In Corrective Exercise, Fitness, Flute, personal training by AngelaLeave a Comment

Happy New Year!

Welcome to the time where people make resolutions on all kinds of things; from losing weight to saving money. If you’ve made any kind of health related resolution this year, I commend you! There’s no time like the present to make your dreams become reality. By the time you read this, you may have already long given up on your goals, or you may have kept at it, but feel lost at how to go forward. In previous posts I’ve talked about what types of exercises are best for flutists, but how do you put those together into a program? How do you have any idea how much to do, how many exercises, how few?

Rule #1: Don’t focus on overload.

What does that mean?  While there are plenty of times that overloading your body and your muscles can get you the results you want, in the musician’s case, let’s focus on the areas of concern: not getting injured, and building endurance and strength to allow for the demands of playing longer times without tiring or getting injured.  A muscle will only respond if it is challenged enough to grow, which means, you need to do more than is normally comfortable, otherwise, the body will not change. The type of overload I am talking about is focusing ONLY on one muscle group in a workout, or in every workout. A typical “bodybuilding style” workout that you see in magazines (i.e. train shoulders on one day, legs another, chest another, etc.) works for those looking to purposely over train their bodies into growth, but for those of us looking to avoid injury and increase stamina, the body needs balance.

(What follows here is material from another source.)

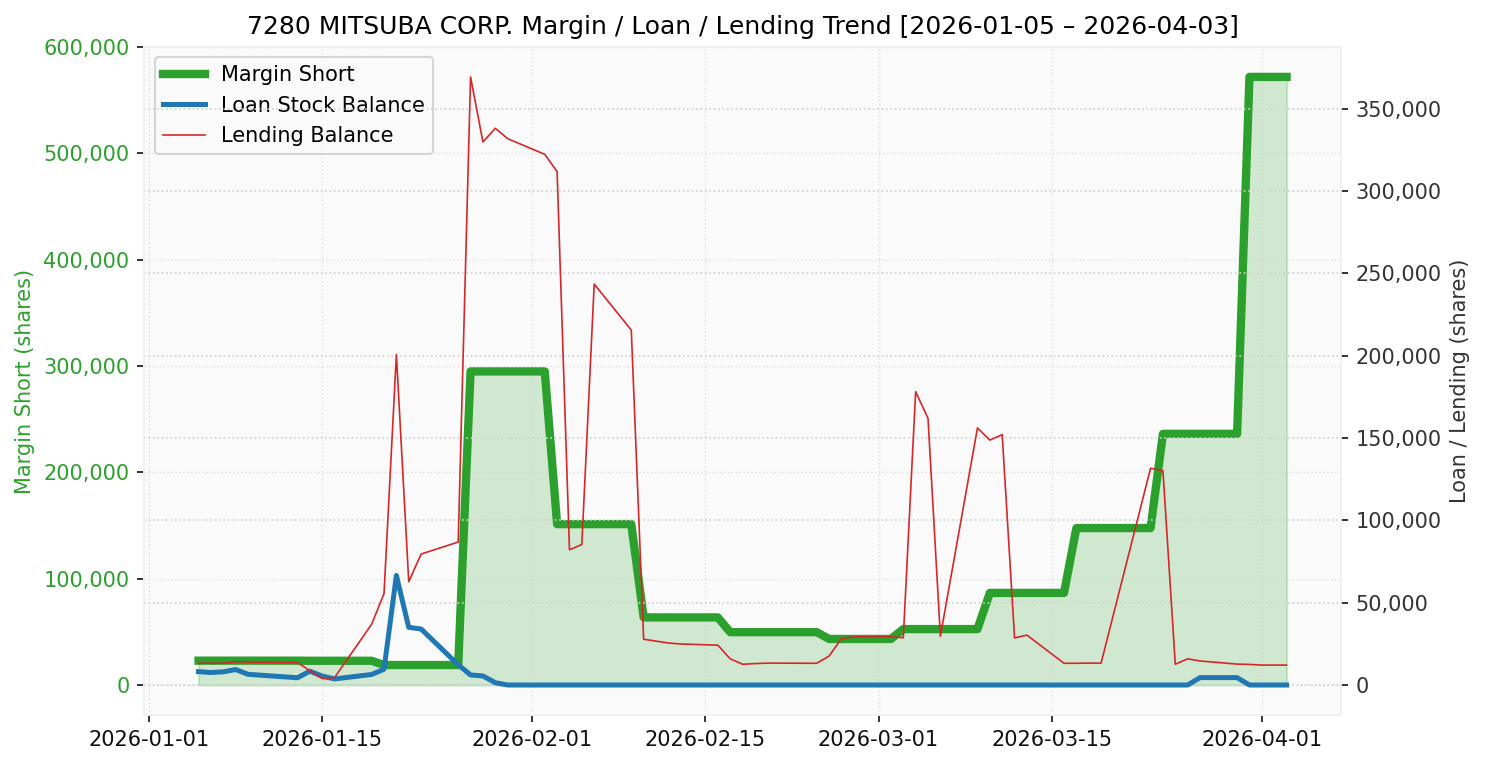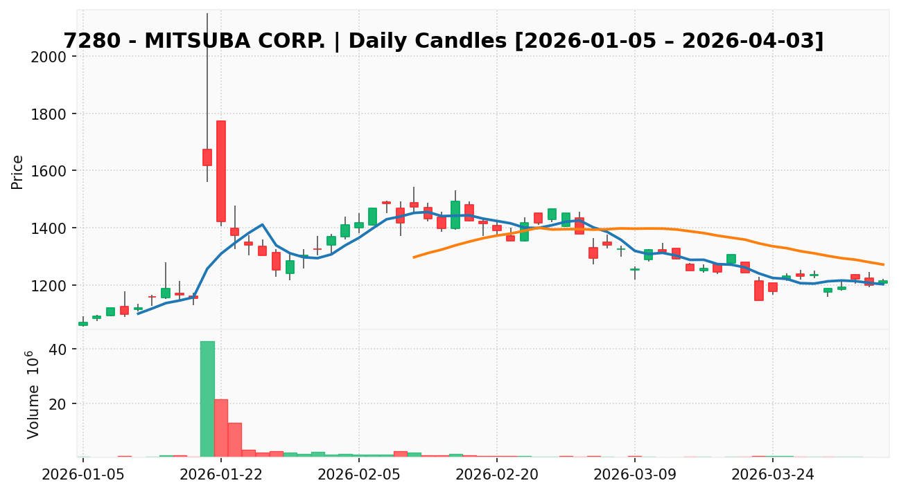 ミツバ(銘柄コード:7280) ※2026/04/06朝更新

Rule #2: Mix Heavier weights and lower reps with higher ones, be progressive!

This is the general rule of thumb when it comes to picking repetition ranges, and I give this to you with one caveat: take it with a grain of salt. Just because you train in only one range does not mean you will not reap benefits from others.  I’ll explain.

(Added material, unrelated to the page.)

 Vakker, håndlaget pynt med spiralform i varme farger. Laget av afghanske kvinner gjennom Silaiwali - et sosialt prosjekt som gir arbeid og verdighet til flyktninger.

  • 1-5 repetitions: power and explosiveness
  • 6-10 repetitions: strength and hypertrophy (growth)
  • 12-15+ repetitions: endurance

This does not give you license to only train in the 12-15 rep range. Why? Well, after a while, the muscles will adapt to what you are giving them and you will lose all benefit. This is also a general range, remember, not a catch-all.  In the interests of keeping things simple, this is how I would use these repetition ranges to structure myself a 3 month workout program:

Month 1: 4 exercises, 1-2 sets of 12-15 repetitions at a very slow tempo
Month 2: 4 exercises, 2-3 sets of 6-10 reps for one set paired with 1 set of 12-15 at a moderate tempo
Month 3: 3 exercises, 3-5 sets of 1-5 repetitions focusing on whole body movements with max effort

Repeat.

Now, the question you may ask is: Why do I need to train in all of these rep ranges when I don’t care about changing my body shape and I don’t want to be a power lifter?

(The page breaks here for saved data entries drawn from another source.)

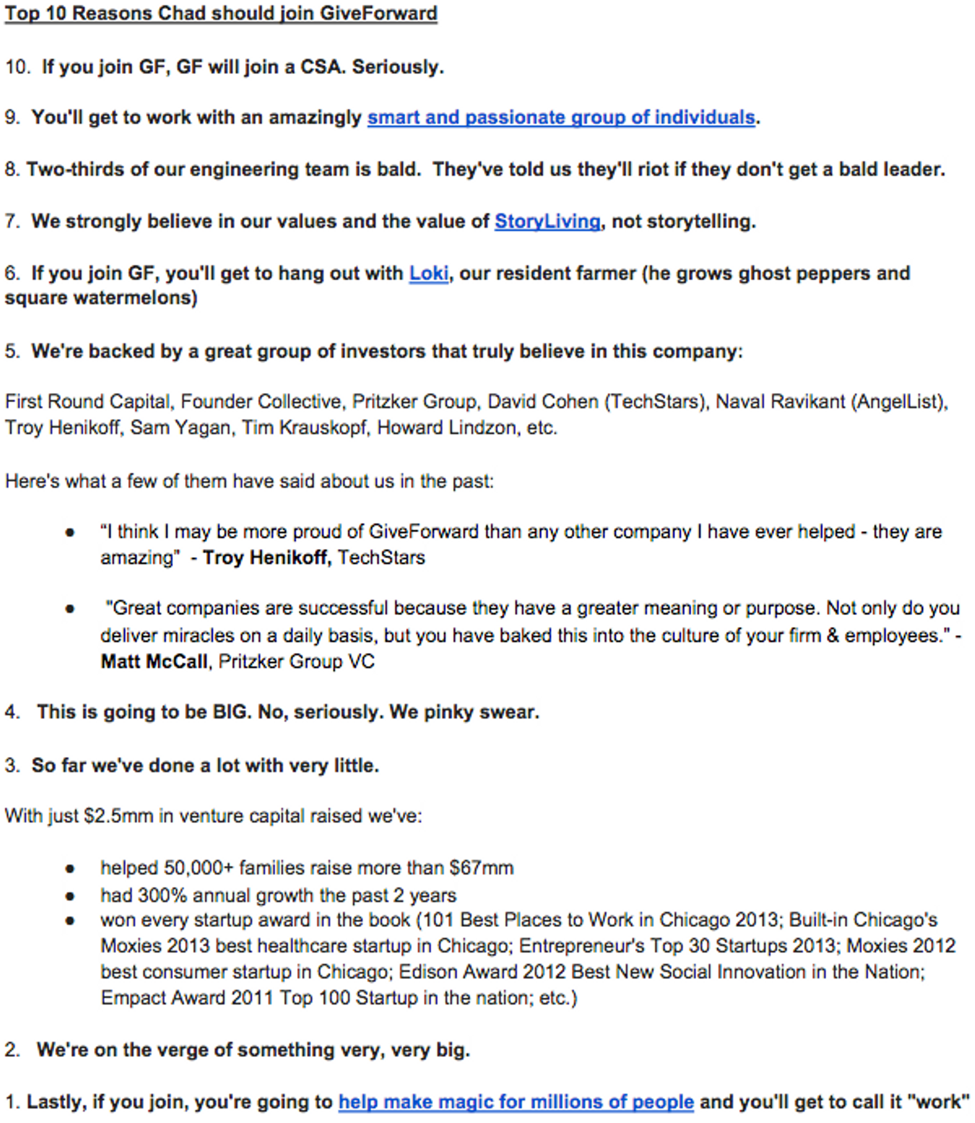 - Illustrate your values and mantras: In the case of GiveForward, it wanted to convey its core value of “authenticity” and its internal mantra of “weird is good.” Here’s a few ways how: “It would be mucho bueno if you had all of the above. Of course we recognize that this is a long list [of requirements] and you will not have all of these skills. You should apply anyway. This is going to be transformational. We pinky swear.”
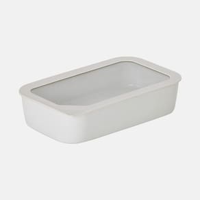 Pote Retangular de cerâmica - Tampa de Vidro - 1500ml - FIKA
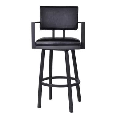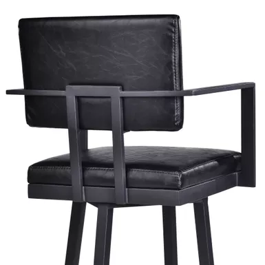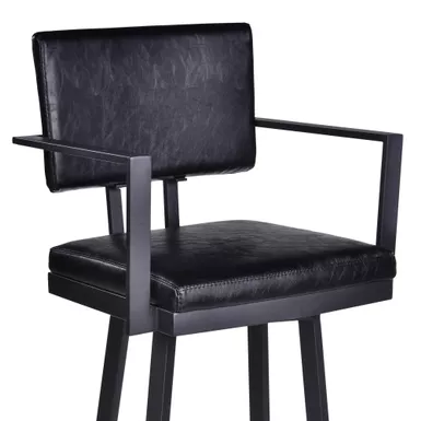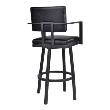 The Armen Living Balboa 26″ Counter Swivel Vintage Black Faux Leather and Metal Bar Stool with Arms is the perfect addition for any modern household. The clean lines create a sleek silhouette that easily blends into any home regardless of existing style theme. The high-density foam cushioned seat and back are wrapped in luxurious vintage black faux leather allowing comfortable seating for hours on end. This stool features a 360-degree swivel mechanism, allowing for enhanced mobility while seated, allowing you to easily engage with your guests regardless of their place in the room. The Balboa’s legs include a round footrest and come tipped with floor protectors, making sure that the barstool will not damage hardwood or tile floors when moved. The Balboa counter stool easily pulls up to any kitchen island, peninsula counter, or home bar and will last for many years to come.
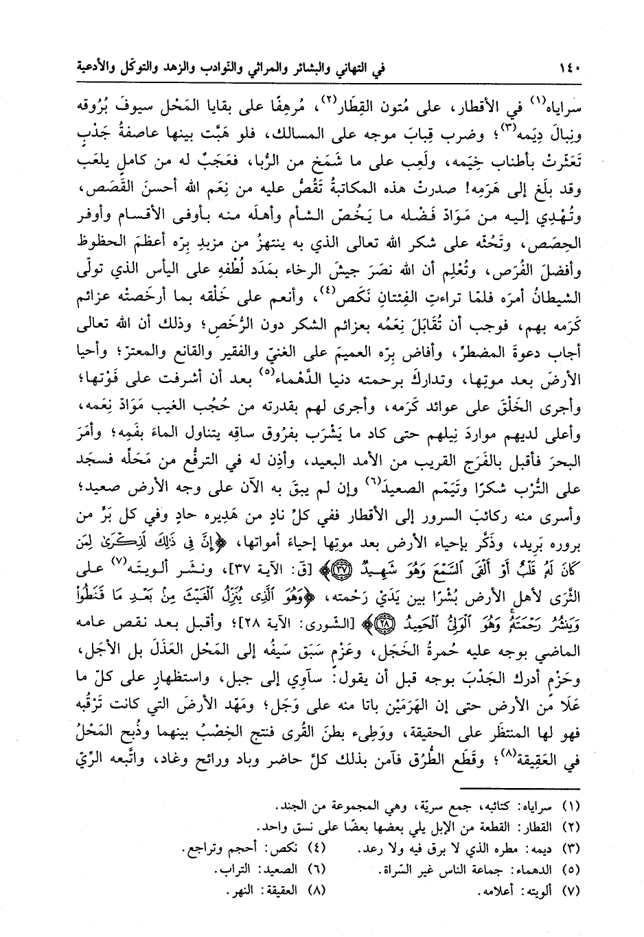 سراياه في الأقطار ، على متون القطار ، مرهفاً على بقايا المحل سيوف بروقه ونبال ديمه ، وضرب قباب موجه على المسالك ، فلو هبت بينهما عاصفة جدبٍ تعثرت بأطناب خيمه ، ولعب على ما شمخ من الربا ، فعجبٌ له من كاملٍ يلعب وقد بلغ إلى هرمه صدرت هذه المكاتبة تقص عليه من نعم الله أحسن القصص ، وتهدي إليه من مواد فضله ما يخص الشام وأهله منه بأوفى الأقسام وأوفر الحصص ، وتحثه على شكر الله تعالى الذي به ينتهز من مزيد بره أعظم الحظوظ وأفضل الفرص ، وتعلم أن الله نصر جيش الرخاء بمدد لطفه على اليأس الذي تولى الشيطان أمره فلما تراءت الفئتان نكص ، وأنعم على خلقه بما أرخصته عزائم كرمه بهم ، فوجب أن تقابل نعمه بعزائم الشكر دون الرخص ، وذلك أن الله تعالى أجاب دعوة المضطر ، وأفاض بره العميم على الغني والفقير والقانع والمعتر ، وأحيا الأرض بعد موتها ، وتدارك برحمته دنيا الدهماء بعد أن أشرفت على فوتها ، وأجرى الخلق على عوائد كرمه ، وأجرى لهم بقدرته من حجب الغيب مواد نعمه ، وأعلى لديهم موارد نيلهم حتى كاد ما يشرب بفروق ساقه يتناول الماء بفمه ، وأمر البحر فأقبل بالفرج القريب من الأمد البعيد ، وأذن له في الترفع من محله فسجد على الترب شكراً وتيمم الصعيد وإن لم يبق به الآن على وجه الأرض صعيد ، وأسرى منه ركائب السرور إلى الأقطار ففي كل نادٍ من هديره حادٍ وفي كل برٍ من بروره بريد ، وذكر بإحياء الأرض بعد موتها إحياء أمواتها ، " إن في ذلك لذكرى لمن كان له قلبٌ أو ألقى السمع وهو شهيد " ، ونشر ألويته على الثرى لأهل الأرض بشراً بين يدي رحمته ، " وهو الذي ينزل الغيث من بعد ما قنطوا وينشر رحمته وهو الولي الحميد " ، وأقبل بعد نقص عامه الماضي بوجهٍ عليه حمرة الخجل ، وعزمٍ سبق سيفه إلى المحل العذل بل الأجل ، وحزمٍ أدرك الجدب بوجهٍ قبل أن يقول : سآوى إلى جبلٍ ، واستظهارٍ على كل ما علا من الأرض حتى إن الهرمين باتا منه على وجل ، ومهد الأرض التي كانت ترقبه فهو لها المنتظر على الحقيقة ، ووطئ بطن القرى فنتج الخصب بينهما وذبح المحل في العقيقة ، وقطع الطرق فآمن بذلك كل حاضرٍ وبادٍ ورائحٍ وغاد ، واتبعه الري
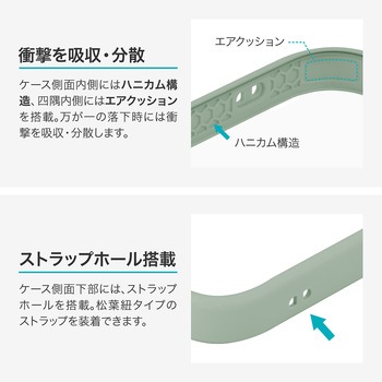 【耐衝撃】 衝撃を吸収するTPUと、硬く高透明なポリカーボネートのハイブリッドケース/柔軟なポリカーボネートなので着脱時にも割れにくい/レンズ周りを高く設計/ボタンやカメラレンズ周りを徹底保護する精密設計/写真やステッカーを使ったアレンジも楽しめる背面クリア仕様/ストラップホール搭載

That’s where the misnomers come in. Your muscles are made up of different types of fibers and these different fibers have different jobs.  Basically you have strength fibers, endurance fibers and some “power” fibers.  They all work together, but if you only train the endurance fibers, pretty soon the other fibers start to atrophy and you could be creating more imbalances. In addition, after 4-6 weeks of training in one repetition range, your body should have adapted enough to not be seeing results anymore and needs a better challenge. Working in all the rep ranges allows your body to be able to reap maximum benefit while staying in better balance and working as a whole. And besides, you won’t end up looking like a power lifter or bodybuilder unless you eat for it and devote your life to it.  At best, the only shape change you’ll see is more curve in your arms and less flab other places. Nothing to really complain about.

Rule #3: Don’t forget to train your lower body

Yes, we play with our upper bodies, but what supports your arms? Your spine, which is attached to your pelvis, which attaches to your legs, etc. Your body works as a whole, therefor you have to train it as a whole, or you create more dysfunction.  Remember, you play your instrument with your legs, too.

Rule #4: Keep it simple; focus on what’s weak, do more pulling than pushing and do the same workout for at least 4-6 weeks.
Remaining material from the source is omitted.